A trace represents an end-to-end request to your application. Traces consist of spans which represent the intermediate steps the application took to generate a response. Agent traces typically contain spans which represent model and tool invocations. Spans are enriched by context associated with the step they are tracking. For example:

A model invocation span may include:
- System prompt
- Model parameters (e.g. temperature, top_p, top_k, max_tokens)
- Input and output message list
- Input and output token usage
A tool invocation span may include the tool input and output

Traces provide deep insight into how an agent or workflow arrived at its final response. AI engineers can translate this insight into prompt, tool and context management improvements.

Metrics¶

Metrics are measurements of events in applications. Key metrics to monitor include:

Agent Metrics
- Tool Metrics
  - Number of invocations
  - Execution time
  - Error rates and types
- Latency (time to first byte and time to last byte)
- Number of agent loops executed
Model-Specific Metrics
- Token usage (input/output)
- Model latency
- Model API errors and rate limits
System Metrics
- Memory utilization
- CPU utilization
- Availability
Customer Feedback and Retention Metrics
- Number of interactions with thumbs up/down
- Free form text feedback
- Length and duration of agent interactions
- Daily, weekly, monthly active users

Metrics provide both request level and aggregate performance characteristics of the agentic system. They are signals which must be monitored to ensure the operational health and positive customer impact of the agentic system.

Logs¶

Logs are unstructured or structured text records emitted at specific timestamps in an application. Logging is one of the most traditional forms of debugging.

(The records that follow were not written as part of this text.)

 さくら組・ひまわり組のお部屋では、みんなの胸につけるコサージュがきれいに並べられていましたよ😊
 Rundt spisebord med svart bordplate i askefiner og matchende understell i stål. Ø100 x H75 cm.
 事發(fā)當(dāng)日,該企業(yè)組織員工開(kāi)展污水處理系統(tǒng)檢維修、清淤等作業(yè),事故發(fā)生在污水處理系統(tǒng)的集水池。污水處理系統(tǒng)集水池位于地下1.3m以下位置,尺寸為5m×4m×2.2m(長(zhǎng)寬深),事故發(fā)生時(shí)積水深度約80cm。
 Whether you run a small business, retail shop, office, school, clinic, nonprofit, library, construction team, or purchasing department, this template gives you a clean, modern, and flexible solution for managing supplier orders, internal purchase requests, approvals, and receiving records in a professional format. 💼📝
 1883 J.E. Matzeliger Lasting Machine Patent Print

End-to-End Observability Framework¶

Agent observability combines traditional software reliability and observability practices with data engineering, MLOps, and business intelligence.

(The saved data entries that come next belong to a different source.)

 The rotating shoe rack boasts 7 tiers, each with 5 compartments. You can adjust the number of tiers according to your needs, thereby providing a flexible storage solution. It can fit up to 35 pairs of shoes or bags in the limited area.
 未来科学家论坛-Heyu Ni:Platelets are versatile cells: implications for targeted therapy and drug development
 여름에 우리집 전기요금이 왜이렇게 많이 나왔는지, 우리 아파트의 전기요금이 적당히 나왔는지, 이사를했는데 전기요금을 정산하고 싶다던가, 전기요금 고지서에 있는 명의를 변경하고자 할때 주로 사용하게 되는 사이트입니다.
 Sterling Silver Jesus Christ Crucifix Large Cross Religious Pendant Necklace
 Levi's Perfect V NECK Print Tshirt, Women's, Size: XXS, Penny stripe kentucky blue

For teams building agentic applications, this will typically involve:

Agent Engineering
1. Building, testing and deploying the agentic application
2. Adding instrumentation to collect metrics, traces, and logs for agent interactions
3. Creating dashboards and alarms for errors, latency, resource utilization and faulty agent behavior.
Data Engineering and Business Intelligence:
1. Exporting telemetry data to data warehouses for long-term storage and analysis
2. Building ETL pipelines to transform and aggregate telemetry data
3. Creating business intelligence dashboards to analyze cost, usage trends and customer satisfaction.
Research and Applied science:
1. Visualizing traces to analyze failure modes and edge cases
2. Collecting traces for evaluation and benchmarking
3. Building datasets for model fine-tuning

With these components in place, a continuous improvement flywheel emerges which enables:

Incorporating user feedback and satisfaction metrics to inform product strategy
Leveraging traces to improve agent design and the underlying models
Detecting regressions and measuring the impact of new features

Best Practices¶

Standardize Instrumentation: Adopt industry standards like OpenTelemetry for transmitting traces, metrics, and logs.
Design for Multiple Consumers: Implement a fan-out architecture for telemetry data to serve different stakeholders and use cases. Specifically, OpenTelemetry collectors can serve as this routing layer.
Optimize for Large Data Volume: Identify which data attributes are important for downstream tasks and implement filtering to send specific data to those downstream systems. Incorporate sampling and batching wherever possible.
Shift Observability Left: Use telemetry data when building agents to improve prompts and tool implementations.
Raise the Security and Privacy Bar: Implement proper data access controls and retention policies for all sensitive data. Redact or omit data containing personal identifiable information. Regularly audit data collection processes.

Conclusion¶

Effective observability is crucial for developing agents which reliably complete customers’ tasks. The key to success is treating observability not as an afterthought, but as a core component of agent engineering from day one. This investment will pay dividends in improved reliability, faster development cycles, and better customer experiences.